From the line with "佳木斯向阳区九洲社区新型文化阵地。" through the line with "Figura 1. Ejes", inclusive, return each line of the data below exactly and leave the rest out.
[Stored data — start]
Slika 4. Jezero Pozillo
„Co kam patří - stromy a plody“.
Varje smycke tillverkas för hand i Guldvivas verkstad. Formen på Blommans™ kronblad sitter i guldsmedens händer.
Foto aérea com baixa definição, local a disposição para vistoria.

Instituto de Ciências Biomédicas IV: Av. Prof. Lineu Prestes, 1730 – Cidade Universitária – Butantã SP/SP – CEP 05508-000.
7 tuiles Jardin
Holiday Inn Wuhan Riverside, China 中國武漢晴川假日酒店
[Stored data — finish]
[Stored data — start]
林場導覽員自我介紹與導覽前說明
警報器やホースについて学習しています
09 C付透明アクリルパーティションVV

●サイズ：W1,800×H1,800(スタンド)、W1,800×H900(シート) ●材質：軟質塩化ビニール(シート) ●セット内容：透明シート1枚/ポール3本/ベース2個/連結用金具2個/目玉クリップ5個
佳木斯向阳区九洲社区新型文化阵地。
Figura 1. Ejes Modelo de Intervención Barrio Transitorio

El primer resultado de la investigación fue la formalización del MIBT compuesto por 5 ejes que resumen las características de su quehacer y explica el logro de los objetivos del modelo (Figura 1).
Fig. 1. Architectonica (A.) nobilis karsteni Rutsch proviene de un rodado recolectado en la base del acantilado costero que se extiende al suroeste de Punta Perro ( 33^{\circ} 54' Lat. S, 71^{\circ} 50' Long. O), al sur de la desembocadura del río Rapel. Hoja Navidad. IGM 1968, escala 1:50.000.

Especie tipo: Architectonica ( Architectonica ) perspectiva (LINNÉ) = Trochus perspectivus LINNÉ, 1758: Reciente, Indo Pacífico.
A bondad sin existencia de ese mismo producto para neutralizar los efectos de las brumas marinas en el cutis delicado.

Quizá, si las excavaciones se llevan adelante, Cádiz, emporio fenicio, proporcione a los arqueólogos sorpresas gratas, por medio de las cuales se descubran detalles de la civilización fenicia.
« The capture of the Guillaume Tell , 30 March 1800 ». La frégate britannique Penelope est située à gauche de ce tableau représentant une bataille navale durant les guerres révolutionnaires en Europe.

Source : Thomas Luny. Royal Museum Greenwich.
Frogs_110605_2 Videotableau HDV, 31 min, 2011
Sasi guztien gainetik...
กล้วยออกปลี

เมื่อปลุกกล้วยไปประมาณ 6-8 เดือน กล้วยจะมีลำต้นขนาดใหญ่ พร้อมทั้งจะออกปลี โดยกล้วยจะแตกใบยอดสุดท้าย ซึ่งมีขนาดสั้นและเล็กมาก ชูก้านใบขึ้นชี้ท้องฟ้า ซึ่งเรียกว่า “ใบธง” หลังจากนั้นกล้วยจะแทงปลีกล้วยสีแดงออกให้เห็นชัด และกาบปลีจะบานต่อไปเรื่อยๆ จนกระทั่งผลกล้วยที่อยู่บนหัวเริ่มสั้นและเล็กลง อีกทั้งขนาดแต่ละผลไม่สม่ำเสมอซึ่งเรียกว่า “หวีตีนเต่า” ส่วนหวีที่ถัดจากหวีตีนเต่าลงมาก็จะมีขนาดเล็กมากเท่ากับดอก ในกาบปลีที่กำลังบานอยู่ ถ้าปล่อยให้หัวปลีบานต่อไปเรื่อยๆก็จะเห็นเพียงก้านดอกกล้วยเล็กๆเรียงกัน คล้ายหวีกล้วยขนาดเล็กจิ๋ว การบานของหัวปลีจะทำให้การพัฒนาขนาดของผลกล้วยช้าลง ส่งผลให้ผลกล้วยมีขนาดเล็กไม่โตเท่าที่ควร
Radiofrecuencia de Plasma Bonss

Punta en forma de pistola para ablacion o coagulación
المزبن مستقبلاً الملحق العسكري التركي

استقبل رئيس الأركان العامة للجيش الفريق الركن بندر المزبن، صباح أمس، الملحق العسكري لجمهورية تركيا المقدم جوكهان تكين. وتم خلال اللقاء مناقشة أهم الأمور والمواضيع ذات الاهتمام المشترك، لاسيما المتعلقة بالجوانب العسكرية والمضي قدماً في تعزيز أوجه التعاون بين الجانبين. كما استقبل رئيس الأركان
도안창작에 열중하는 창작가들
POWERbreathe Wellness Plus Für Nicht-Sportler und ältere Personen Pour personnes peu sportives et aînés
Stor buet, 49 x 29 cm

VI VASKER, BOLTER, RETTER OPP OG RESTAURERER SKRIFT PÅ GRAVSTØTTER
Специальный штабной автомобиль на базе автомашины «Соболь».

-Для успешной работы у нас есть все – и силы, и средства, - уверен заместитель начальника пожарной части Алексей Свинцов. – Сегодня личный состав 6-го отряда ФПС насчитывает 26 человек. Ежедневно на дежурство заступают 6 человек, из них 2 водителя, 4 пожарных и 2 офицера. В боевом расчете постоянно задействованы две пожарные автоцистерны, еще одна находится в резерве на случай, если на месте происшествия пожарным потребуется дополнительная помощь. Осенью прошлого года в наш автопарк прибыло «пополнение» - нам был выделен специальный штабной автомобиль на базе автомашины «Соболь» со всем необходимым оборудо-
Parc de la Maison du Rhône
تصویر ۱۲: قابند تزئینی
[Stored data — finish]
(Task solution)
佳木斯向阳区九洲社区新型文化阵地。
Figura 1. Ejes Modelo de Intervención Barrio Transitorio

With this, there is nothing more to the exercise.